Required action:
Exactly as they appear, transcribe the entries and skip any pictures.

═════ Material provided ═════

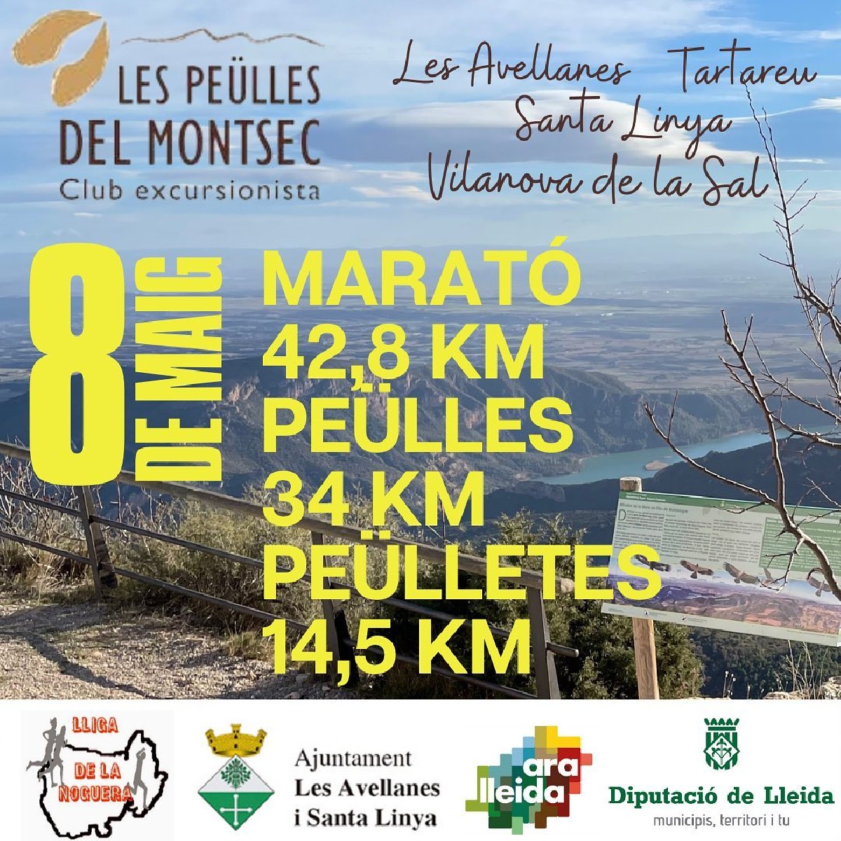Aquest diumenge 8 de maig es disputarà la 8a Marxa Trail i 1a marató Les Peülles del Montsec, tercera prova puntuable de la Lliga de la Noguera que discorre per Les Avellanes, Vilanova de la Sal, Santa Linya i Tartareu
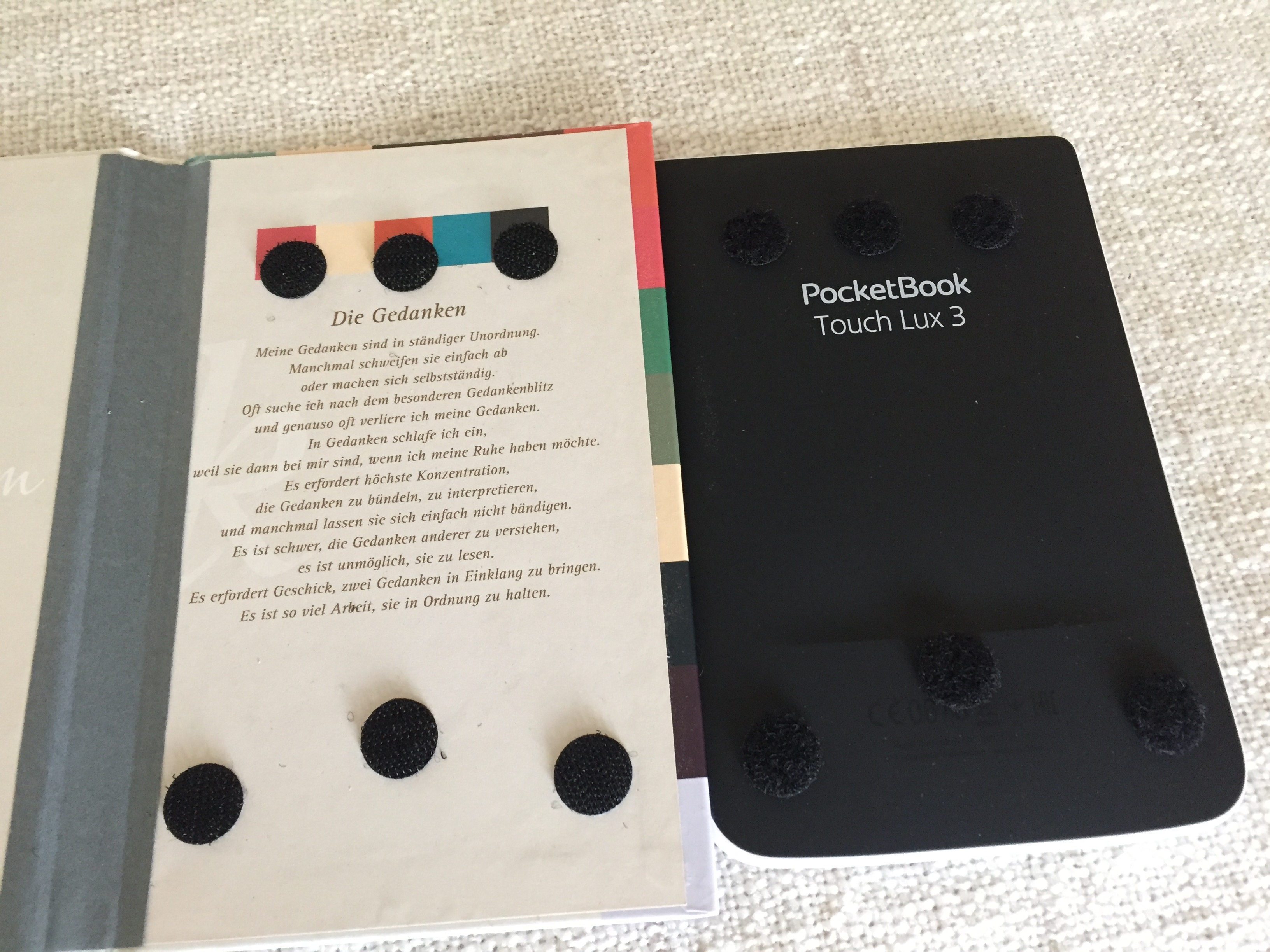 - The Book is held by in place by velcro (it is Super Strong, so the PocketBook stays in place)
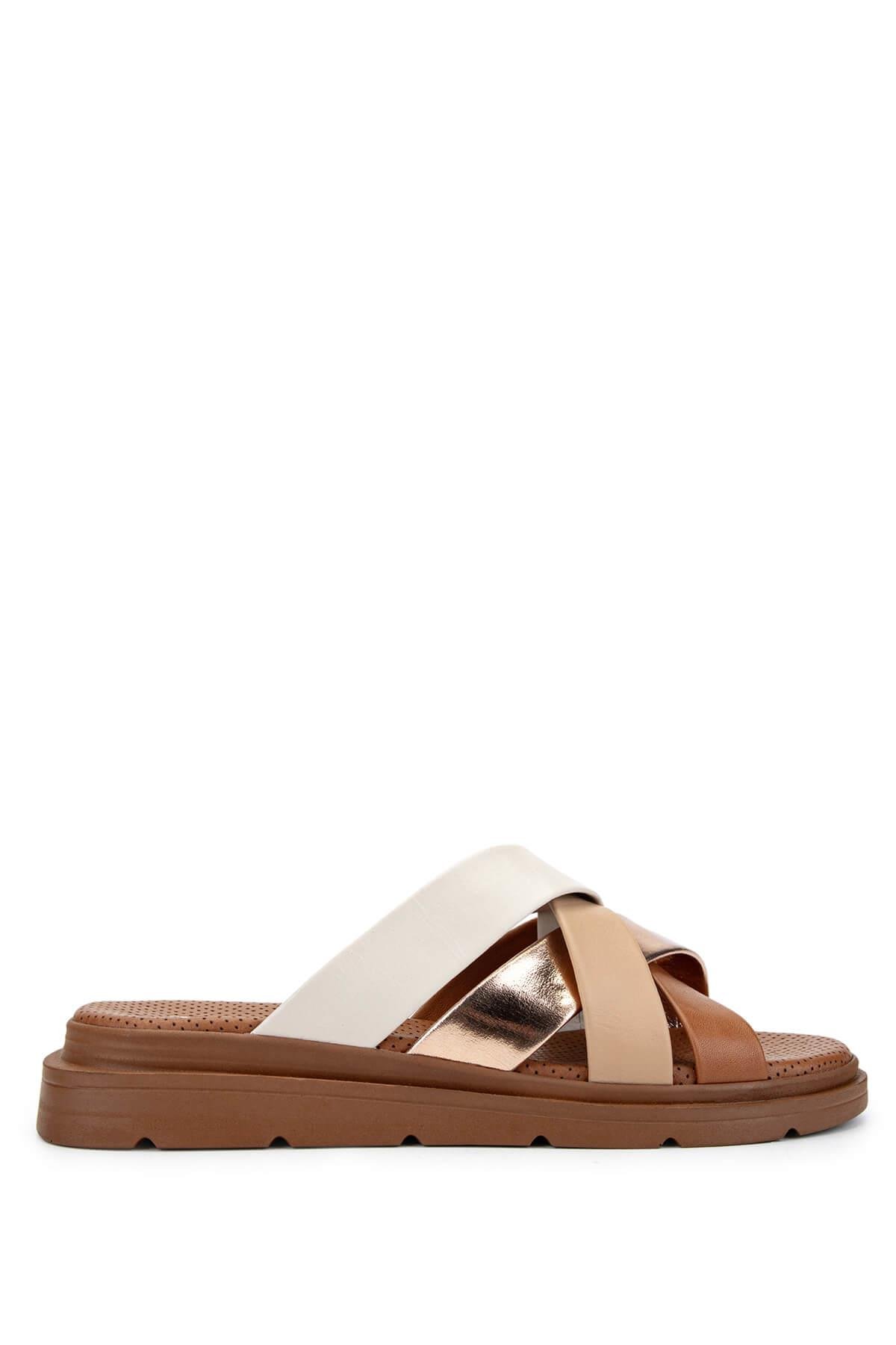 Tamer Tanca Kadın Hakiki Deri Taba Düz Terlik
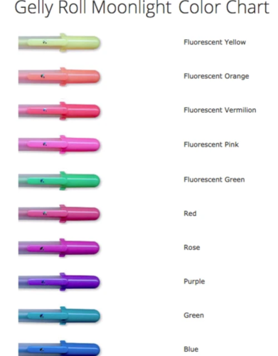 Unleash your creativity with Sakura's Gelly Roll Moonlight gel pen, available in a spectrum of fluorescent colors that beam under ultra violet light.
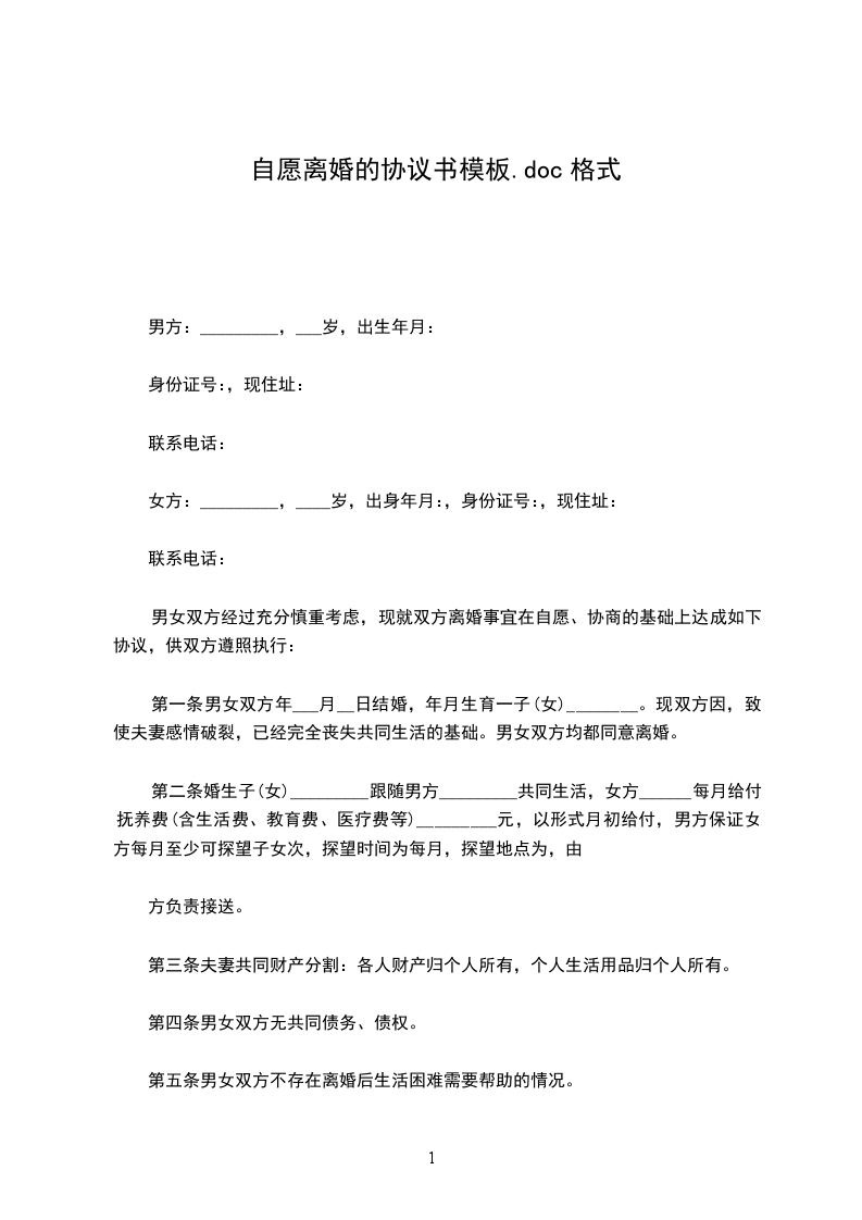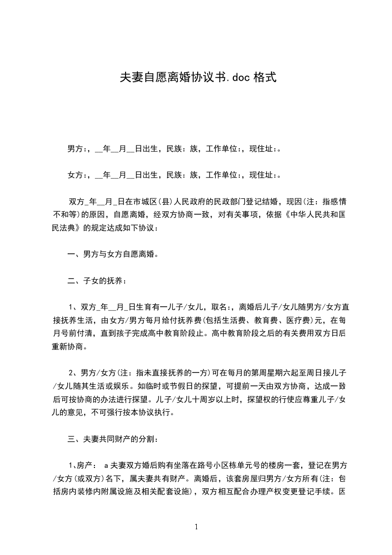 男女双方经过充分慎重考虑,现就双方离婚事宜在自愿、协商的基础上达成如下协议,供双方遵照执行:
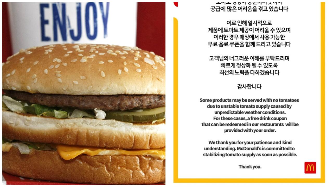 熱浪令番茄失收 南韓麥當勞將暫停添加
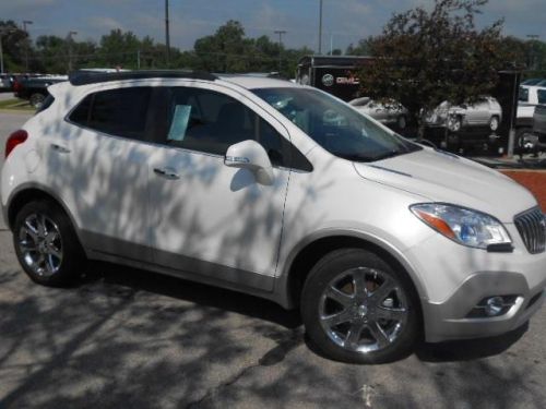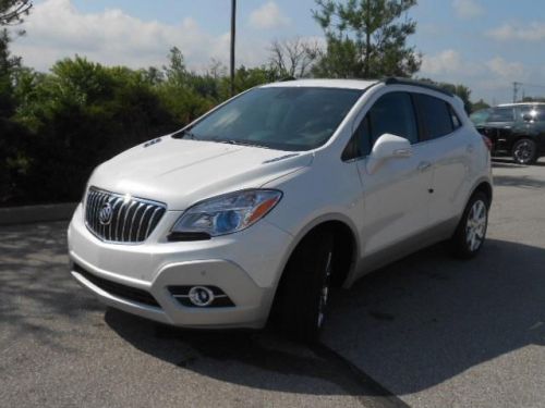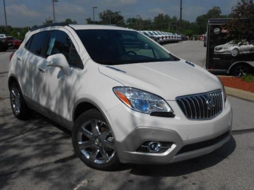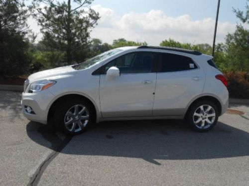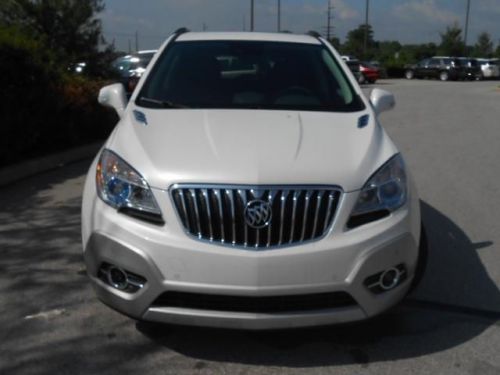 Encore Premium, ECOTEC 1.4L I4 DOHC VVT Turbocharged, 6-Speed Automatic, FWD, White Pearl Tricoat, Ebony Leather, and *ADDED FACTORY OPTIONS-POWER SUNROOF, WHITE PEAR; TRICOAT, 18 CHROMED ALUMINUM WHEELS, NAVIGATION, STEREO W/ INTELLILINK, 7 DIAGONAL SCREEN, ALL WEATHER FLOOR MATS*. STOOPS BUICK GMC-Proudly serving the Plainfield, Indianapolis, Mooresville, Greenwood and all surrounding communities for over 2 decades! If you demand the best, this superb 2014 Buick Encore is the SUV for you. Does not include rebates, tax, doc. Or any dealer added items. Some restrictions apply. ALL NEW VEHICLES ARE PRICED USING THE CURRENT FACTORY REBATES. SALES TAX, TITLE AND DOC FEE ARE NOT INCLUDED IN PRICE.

═════

Completed task:
Aquest diumenge 8 de maig es disputarà la 8a Marxa Trail i 1a marató Les Peülles del Montsec, tercera prova puntuable de la Lliga de la Noguera que discorre per Les Avellanes, Vilanova de la Sal, Santa Linya i Tartareu
 - The Book is held by in place by velcro (it is Super Strong, so the PocketBook stays in place)
 Tamer Tanca Kadın Hakiki Deri Taba Düz Terlik
 Unleash your creativity with Sakura's Gelly Roll Moonlight gel pen, available in a spectrum of fluorescent colors that beam under ultra violet light.
 男女双方经过充分慎重考虑,现就双方离婚事宜在自愿、协商的基础上达成如下协议,供双方遵照执行:
 熱浪令番茄失收 南韓麥當勞將暫停添加
 Encore Premium, ECOTEC 1.4L I4 DOHC VVT Turbocharged, 6-Speed Automatic, FWD, White Pearl Tricoat, Ebony Leather, and *ADDED FACTORY OPTIONS-POWER SUNROOF, WHITE PEAR; TRICOAT, 18 CHROMED ALUMINUM WHEELS, NAVIGATION, STEREO W/ INTELLILINK, 7 DIAGONAL SCREEN, ALL WEATHER FLOOR MATS*. STOOPS BUICK GMC-Proudly serving the Plainfield, Indianapolis, Mooresville, Greenwood and all surrounding communities for over 2 decades! If you demand the best, this superb 2014 Buick Encore is the SUV for you. Does not include rebates, tax, doc. Or any dealer added items. Some restrictions apply. ALL NEW VEHICLES ARE PRICED USING THE CURRENT FACTORY REBATES. SALES TAX, TITLE AND DOC FEE ARE NOT INCLUDED IN PRICE.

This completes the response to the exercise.